Items from a dataset:
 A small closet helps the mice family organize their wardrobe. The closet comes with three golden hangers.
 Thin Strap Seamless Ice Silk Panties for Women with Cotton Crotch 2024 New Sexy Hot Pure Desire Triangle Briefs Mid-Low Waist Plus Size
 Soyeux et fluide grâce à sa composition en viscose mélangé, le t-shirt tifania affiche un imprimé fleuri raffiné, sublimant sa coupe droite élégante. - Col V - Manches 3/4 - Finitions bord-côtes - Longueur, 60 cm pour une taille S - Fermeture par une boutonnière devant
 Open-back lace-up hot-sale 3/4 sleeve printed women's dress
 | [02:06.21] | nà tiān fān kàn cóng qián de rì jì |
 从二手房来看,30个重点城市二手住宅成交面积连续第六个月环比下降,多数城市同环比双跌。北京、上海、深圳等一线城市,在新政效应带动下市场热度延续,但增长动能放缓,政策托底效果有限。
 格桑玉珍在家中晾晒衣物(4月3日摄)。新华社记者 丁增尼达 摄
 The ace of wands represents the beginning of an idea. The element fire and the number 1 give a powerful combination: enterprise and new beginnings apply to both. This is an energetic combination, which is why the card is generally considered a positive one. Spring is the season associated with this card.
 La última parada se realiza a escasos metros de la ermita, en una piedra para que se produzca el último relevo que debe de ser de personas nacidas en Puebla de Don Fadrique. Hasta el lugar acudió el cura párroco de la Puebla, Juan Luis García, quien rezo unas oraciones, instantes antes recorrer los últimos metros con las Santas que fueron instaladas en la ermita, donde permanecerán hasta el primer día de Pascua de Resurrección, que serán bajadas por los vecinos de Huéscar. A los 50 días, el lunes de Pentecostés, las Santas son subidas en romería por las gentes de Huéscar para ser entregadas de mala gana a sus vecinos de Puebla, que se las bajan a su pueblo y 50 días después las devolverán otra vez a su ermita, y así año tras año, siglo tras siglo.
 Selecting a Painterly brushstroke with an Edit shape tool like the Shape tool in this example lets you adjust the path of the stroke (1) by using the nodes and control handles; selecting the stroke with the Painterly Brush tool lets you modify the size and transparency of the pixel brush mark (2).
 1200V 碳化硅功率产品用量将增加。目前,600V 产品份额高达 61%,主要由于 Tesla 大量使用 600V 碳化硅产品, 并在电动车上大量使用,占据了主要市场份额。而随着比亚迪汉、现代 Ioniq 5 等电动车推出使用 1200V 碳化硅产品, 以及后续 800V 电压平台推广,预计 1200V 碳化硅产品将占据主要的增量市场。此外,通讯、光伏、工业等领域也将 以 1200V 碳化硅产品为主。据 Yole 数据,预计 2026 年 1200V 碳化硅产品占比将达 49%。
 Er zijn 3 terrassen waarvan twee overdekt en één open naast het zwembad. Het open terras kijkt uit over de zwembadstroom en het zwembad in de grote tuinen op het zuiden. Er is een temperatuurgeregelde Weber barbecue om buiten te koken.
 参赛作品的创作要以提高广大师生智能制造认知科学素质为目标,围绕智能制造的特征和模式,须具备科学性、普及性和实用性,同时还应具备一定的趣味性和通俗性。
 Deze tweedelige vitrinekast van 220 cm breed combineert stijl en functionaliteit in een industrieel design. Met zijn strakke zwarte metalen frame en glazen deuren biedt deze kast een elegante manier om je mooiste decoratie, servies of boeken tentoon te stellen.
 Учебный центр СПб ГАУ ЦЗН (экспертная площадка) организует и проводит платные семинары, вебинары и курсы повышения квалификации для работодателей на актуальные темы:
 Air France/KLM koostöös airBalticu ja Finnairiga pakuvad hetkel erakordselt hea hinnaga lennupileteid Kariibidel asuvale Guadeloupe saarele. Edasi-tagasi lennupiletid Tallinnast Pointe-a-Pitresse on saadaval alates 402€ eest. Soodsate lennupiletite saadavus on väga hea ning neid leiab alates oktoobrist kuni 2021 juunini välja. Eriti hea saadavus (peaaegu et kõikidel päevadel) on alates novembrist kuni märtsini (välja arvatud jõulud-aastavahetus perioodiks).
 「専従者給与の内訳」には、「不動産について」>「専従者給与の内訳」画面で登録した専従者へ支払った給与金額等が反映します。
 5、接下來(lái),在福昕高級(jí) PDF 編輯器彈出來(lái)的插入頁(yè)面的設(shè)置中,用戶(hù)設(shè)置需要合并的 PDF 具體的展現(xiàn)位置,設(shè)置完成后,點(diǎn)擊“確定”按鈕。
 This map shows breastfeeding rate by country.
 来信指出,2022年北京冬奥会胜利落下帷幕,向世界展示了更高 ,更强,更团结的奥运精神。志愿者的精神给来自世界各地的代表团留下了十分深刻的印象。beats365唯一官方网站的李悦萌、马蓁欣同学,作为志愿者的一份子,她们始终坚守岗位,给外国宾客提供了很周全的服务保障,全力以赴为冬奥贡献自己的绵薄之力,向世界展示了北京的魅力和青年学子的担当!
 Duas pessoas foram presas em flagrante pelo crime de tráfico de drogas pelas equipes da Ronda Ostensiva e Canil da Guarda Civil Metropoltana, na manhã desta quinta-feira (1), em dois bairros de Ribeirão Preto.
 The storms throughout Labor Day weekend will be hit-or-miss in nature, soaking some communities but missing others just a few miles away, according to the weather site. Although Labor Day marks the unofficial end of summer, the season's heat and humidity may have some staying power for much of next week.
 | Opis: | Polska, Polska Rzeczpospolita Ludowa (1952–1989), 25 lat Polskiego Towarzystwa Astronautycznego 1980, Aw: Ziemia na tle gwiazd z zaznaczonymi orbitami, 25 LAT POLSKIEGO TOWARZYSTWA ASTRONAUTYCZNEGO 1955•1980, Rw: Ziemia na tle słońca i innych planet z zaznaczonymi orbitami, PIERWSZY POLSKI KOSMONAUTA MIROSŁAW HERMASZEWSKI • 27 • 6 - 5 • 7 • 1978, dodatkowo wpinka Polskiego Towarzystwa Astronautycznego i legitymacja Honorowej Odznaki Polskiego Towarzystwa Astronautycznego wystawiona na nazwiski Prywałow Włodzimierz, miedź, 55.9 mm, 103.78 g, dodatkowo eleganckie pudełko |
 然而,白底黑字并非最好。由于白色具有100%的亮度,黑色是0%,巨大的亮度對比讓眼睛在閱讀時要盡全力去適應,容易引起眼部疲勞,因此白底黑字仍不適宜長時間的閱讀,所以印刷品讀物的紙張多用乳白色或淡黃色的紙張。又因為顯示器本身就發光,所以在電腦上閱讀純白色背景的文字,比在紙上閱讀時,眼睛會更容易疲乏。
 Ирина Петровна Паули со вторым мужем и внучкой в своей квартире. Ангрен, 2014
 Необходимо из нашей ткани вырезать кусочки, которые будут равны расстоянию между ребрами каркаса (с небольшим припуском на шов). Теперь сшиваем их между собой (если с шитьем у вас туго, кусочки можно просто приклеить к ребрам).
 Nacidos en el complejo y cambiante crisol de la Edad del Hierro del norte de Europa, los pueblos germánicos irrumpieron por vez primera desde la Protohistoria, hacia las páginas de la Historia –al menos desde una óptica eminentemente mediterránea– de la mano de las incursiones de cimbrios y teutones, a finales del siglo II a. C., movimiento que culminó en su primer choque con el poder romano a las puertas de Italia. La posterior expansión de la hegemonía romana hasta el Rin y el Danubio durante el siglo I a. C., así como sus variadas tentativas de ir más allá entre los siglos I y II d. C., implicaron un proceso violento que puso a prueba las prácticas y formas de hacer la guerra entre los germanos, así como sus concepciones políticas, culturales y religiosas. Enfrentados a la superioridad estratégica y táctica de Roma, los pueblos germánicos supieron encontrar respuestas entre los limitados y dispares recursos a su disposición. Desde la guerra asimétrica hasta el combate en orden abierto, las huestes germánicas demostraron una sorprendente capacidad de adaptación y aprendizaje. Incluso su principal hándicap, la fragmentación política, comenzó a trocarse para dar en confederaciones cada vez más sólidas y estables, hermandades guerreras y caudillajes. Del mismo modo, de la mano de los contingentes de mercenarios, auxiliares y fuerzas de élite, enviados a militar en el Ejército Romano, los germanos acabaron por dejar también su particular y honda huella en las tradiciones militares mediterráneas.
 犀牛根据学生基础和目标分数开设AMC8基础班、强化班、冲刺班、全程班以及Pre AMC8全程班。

Exercise prompt: Starting with the line that holds "参赛作品的创作要以提高广大师" and ending with the line that holds "Учебный центр СПб", retype every line in the data above exactly, and nothing else.

Written response:
 参赛作品的创作要以提高广大师生智能制造认知科学素质为目标,围绕智能制造的特征和模式,须具备科学性、普及性和实用性,同时还应具备一定的趣味性和通俗性。
 Deze tweedelige vitrinekast van 220 cm breed combineert stijl en functionaliteit in een industrieel design. Met zijn strakke zwarte metalen frame en glazen deuren biedt deze kast een elegante manier om je mooiste decoratie, servies of boeken tentoon te stellen.
 Учебный центр СПб ГАУ ЦЗН (экспертная площадка) организует и проводит платные семинары, вебинары и курсы повышения квалификации для работодателей на актуальные темы:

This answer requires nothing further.